Federal prosecutors have recommended a 27-month prison sentence for Anthony Levandowski, the former head of Uber’s self-driving division, as well as three years of supervised release.
Levandowski pleaded guilty in March to one count of stealing Google trade secrets after he was originally charged with 33 counts of intellectual theft and attempted theft of trade secrets from self-driving startup Waymo in August 2019.
Levandowski’s attorney countered that he deserves up to one year of home confinement but no prison time. Court documents claim that over the past six years, Levandowski has had repeated respiratory illnesses, including pneumonia in 2015 and 2017.
His attorneys argue in court documents that sending Levandowski to prison during the COVID-19 pandemic could be a “death sentence” since the Federal Bureau of Prisons has been unable “to control the spread of the coronavirus.”
“While Mr. Levandowski certainly must be punished for his crime, we submit that, given the grave risks it carries, a custodial sentence right now is unnecessary and unwarranted in this case,” according to court documents.
Sentencing is set for Tuesday in the U.S. District Court for the Northern District of California.

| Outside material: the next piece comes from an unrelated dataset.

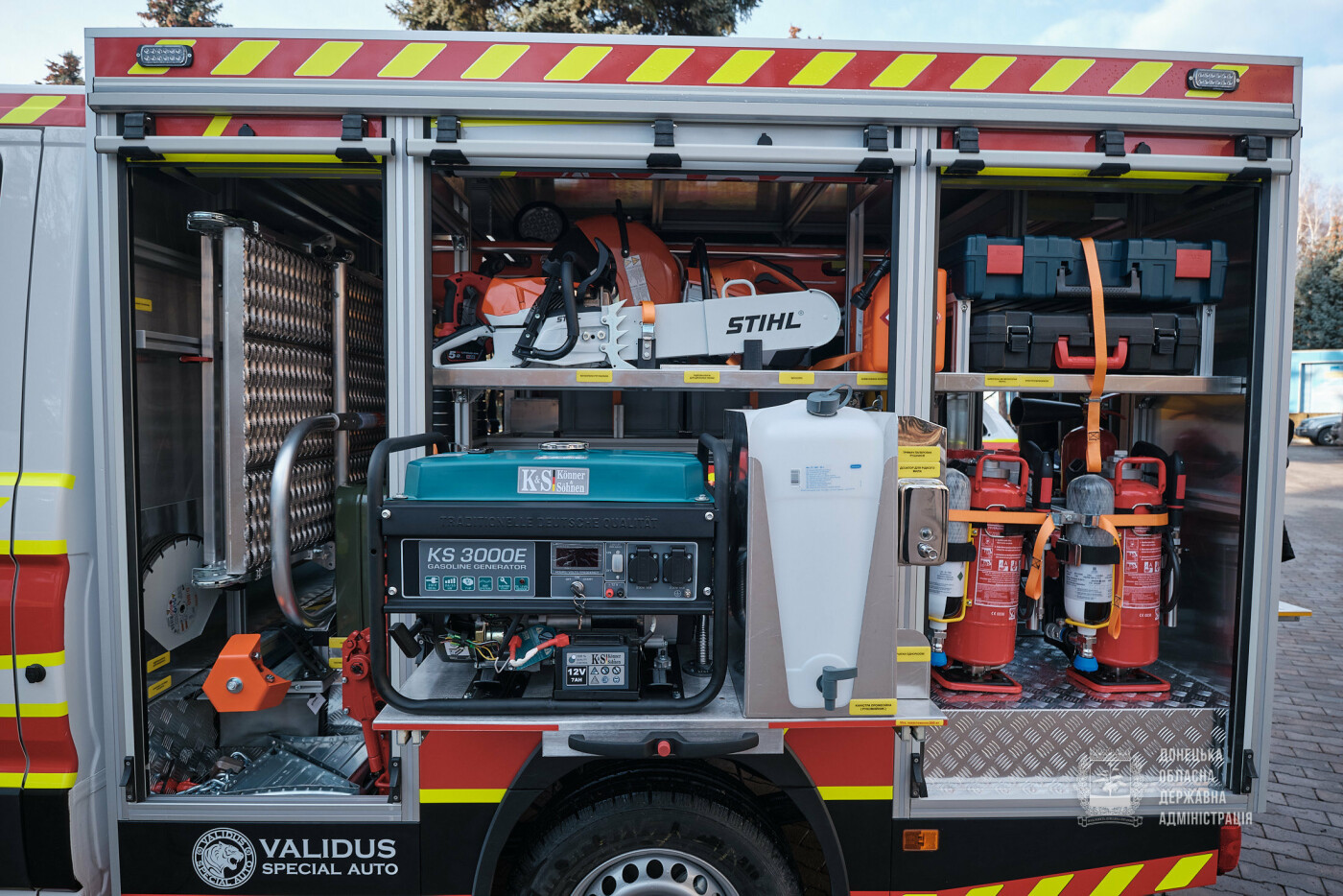 Еще один автомобиль производства «Валидус Спецавто» был передан государственному пожарно-спасательному отряду в город Бахмут. В отличие от двух предыдущих автомобилей, это уже аварийно-спасательная машина среднего типа (САРМ-С) и выполнена на шасси развозной модели MAN TGE с двухрядной кабиной.
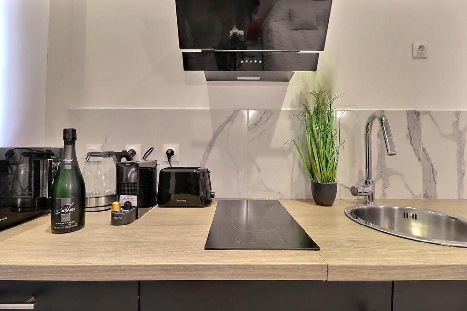 Appartement 1 Chambre. This apartment features a private pool and a hot tub. In the well-fitted kitchen, guests will find a stovetop, a refrigerator, a microwave and a tea and coffee maker. This apartment has air conditioning, a private entrance, flat-screen TV with cable channels, as well as winechampagne for guests. The unit has 1 bed.

Prior to leaving Waymo parent company Alphabet, prosecutors allege that Levandowski downloaded 14,000 “Project Chauffeur” documents centered around advancements in the company’s LiDAR technology, from his work computer to his personal laptop in December 2015. Project Chauffeur later became Waymo LLC, after it was spun off from Google.
A short time later, Levandowski founded his own autonomous trucking startup, Otto, in 2016, which was bought by Uber (NYSE: UBER) six months later for nearly $700 million.
In February 2017, Google (NASDAQ: GOOGL) filed suit against rival autonomous trucking startup Uber and Levandowski, alleging the two conspired to steal trade secrets to incorporate into Uber’s own self-driving efforts. Uber agreed to pay Google roughly $244 million to settle the suit in February 2018.
While Uber had an indemnification agreement to pay Levandowski’s legal fees and judgments as part of his contract, the company refused to honor the agreement after Levandowski pleaded guilty to one count of IP theft.
Levandowski filed for bankruptcy protection in federal court in March, the same day he was ordered to pay Google $179 million to settle an ongoing contract dispute.
In 2018, tech pioneer Levandowski co-founded Pronto.AI, developing a new aftermarket safety system for commercial trucks called Copilot, a far cry from the Level 5 autonomous vehicle technology he had been developing for the past 15 years.
“We’ve made some great improvements in the last 10 years, but we’ve kind of hit the ceiling where it’s difficult to generalize circumstances that exist on the road and have computers be able to handle all of [the possible issues] that happen,” Levandowski said at FreightWaves’ Transparency freight tech conference in Atlanta in May 2019.
Three months later, Levandowski was forced to step down as Pronto.AI’s CEO after he was indicted on federal charges. Robbie Miller took the reins as Pronto.AI’s CEO in late August 2019.